Aktivis vegan sekaligus pegiat kuliner nabati, Helga Angelina, mengungkapkan bahwa kunci utama kesehatan bukan sekadar menghindari daging, melainkan memperhatikan kualitas asupan pangan yang dikonsumsi sehari-hari. Banyak pemula terjebak mengonsumsi makanan olahan yang berlabel vegan tanpa menyadari tingginya kandungan garam, gula, dan lemak jenuh di dalamnya.
"Menjadi vegan bukan berarti otomatis langsung sehat jika piring makan kita masih didominasi oleh makanan olahan ultra-proses, gorengan tepung, dan minuman tinggi gula. Kuncinya ada pada pola makan nabati utuh atau whole food plant-based," ujar Helga dalam sebuah diskusi kesehatan.
Fase Awal: Menjamurnya Makanan Olahan Berlabel Vegan
Dalam perkembangannya, industri pangan merespons kenaikan minat masyarakat dengan memproduksi aneka produk tiruan daging (plant-based meat), keju nabati, serta camilan cepat saji vegan. Kendati mempermudah transisi, produk-produk olahan pabrik ini kerap melewati proses pemurnian tinggi yang menghilangkan serat alami serta mikronutrien penting.
Akibatnya, pelaku diet vegan yang bergantung pada makanan cepat saji justru berpotensi mengalami kenaikan berat badan, peningkatan kadar kolesterol jahat, hingga lonjakan gula darah.
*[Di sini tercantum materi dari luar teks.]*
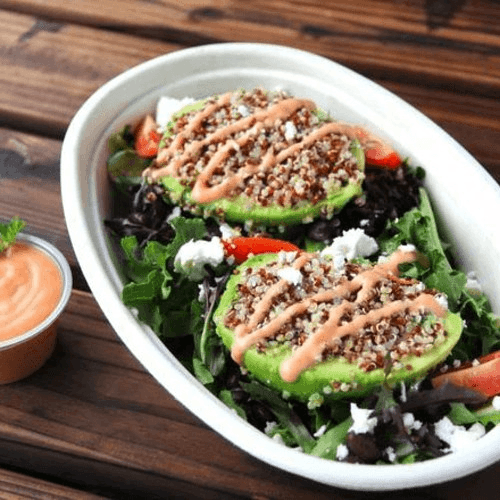 Tri-color quinoa, spring mix, feta cheese, black beans and signature sauce dressing on top.

Kondisi ini membuktikan bahwa label "nabati" tidak serta-merta menjamin status nutrisi sebuah produk pangan.
Identifikasi Risiko: Defisiensi Mikronutrien Vital
Laporan medis dan ahli gizi klinis mencatat beberapa risiko kesehatan utama yang kerap mengintai pelaku vegan apabila tidak merancang menu secara seimbang:
- Defisiensi Vitamin B12: Nutrisi ini esensial untuk pembentukan sel darah merah dan fungsi saraf, yang secara alami hanya ditemukan pada sumber hewani sehingga memerlukan suplementasi khusus.
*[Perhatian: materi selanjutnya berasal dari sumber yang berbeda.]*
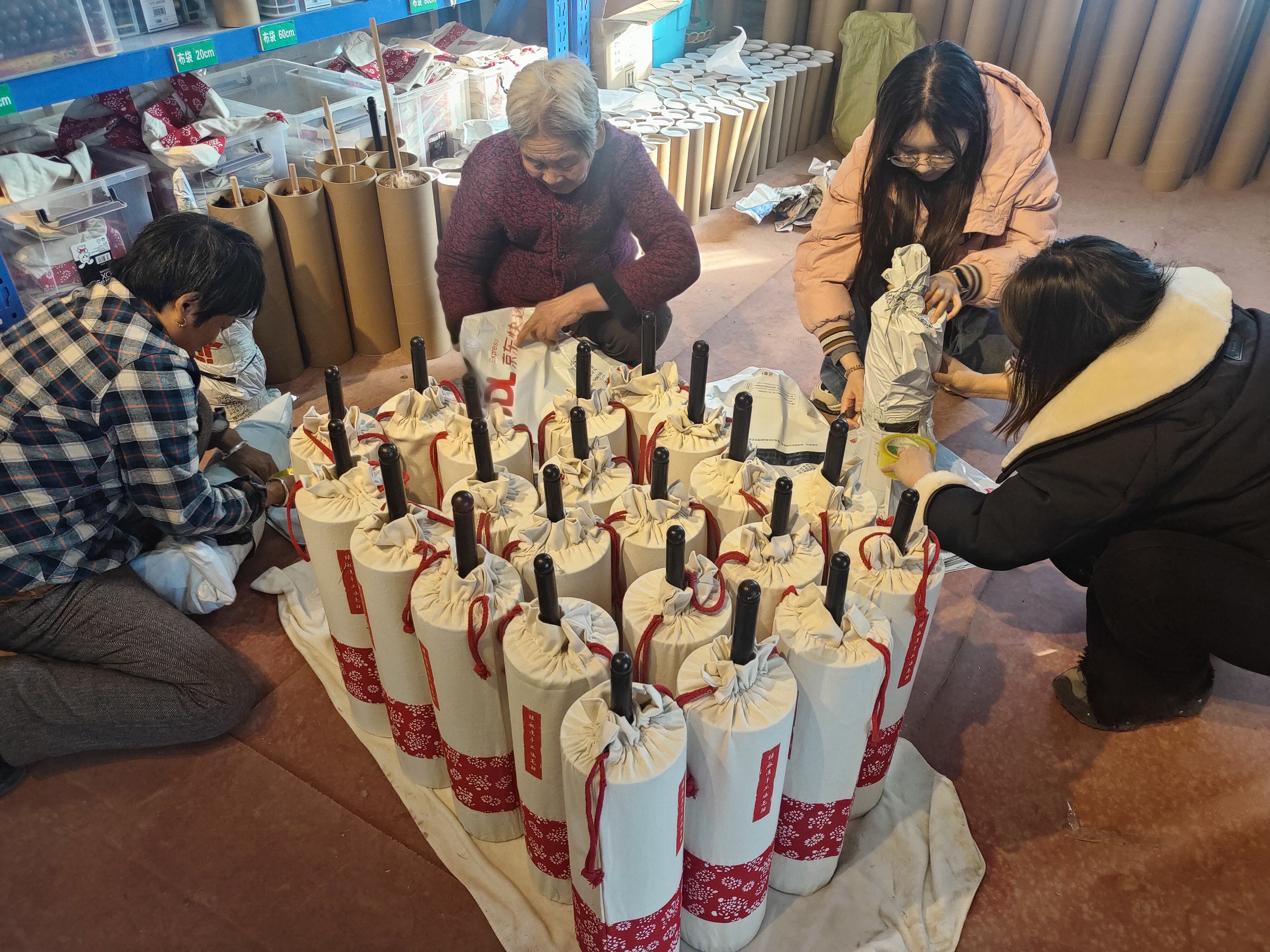 2月10日,村民们在打包已经下单的鸡毛掸子。(韩茂民 摄)

- Kekurangan Zat Besi dan Seng (Zinc): Zat besi non-heme dari tumbuhan memiliki tingkat penyerapan lebih rendah dibandingkan zat besi heme dari daging, memicu risiko anemia jika tidak dipadukan dengan asupan vitamin C.
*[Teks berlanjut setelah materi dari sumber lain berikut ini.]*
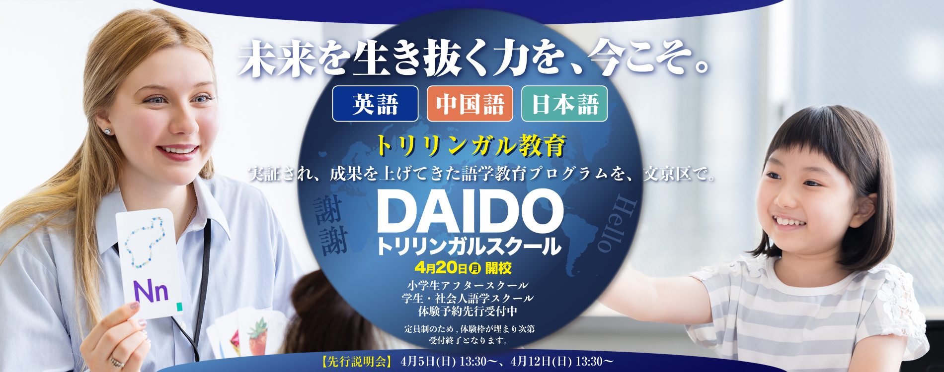 - 2026年3月25日 おしらせ DAIDOトリリンガルスクール 4月20日 開校!

- Krisis Asam Lemak Omega-3: Ketiadaan asupan ikan berminyak dapat menyebabkan defisiensi EPA dan DHA yang krusial untuk kesehatan jantung dan otak.
- Ketidakseimbangan Protein: Kurangnya variasi sumber nabati seperti kacang-kacangan, tempe, tahu, dan biji-bijian dapat memicu hilangnya massa otot.
Rekomendasi: Langkah Tepat Menerapkan Pola Nabati Sehat
Untuk memetik manfaat optimal dari diet vegan sekaligus menekan risiko komplikasi kesehatan, para pakar menyarankan beberapa pedoman konsumsi berkelanjutan:
- Memprioritaskan bahan pangan utuh seperti sayuran hijau, buah-buahan segar, umbi-umbian, dan legum lokal.
- Membatasi konsumsi makanan tiruan berbahan pengawet tinggi serta makanan yang digoreng rendam (deep fried).
- Melakukan pemeriksaan darah secara berkala dan mengonsumsi suplemen vitamin B12 serta vitamin D sesuai anjuran dokter.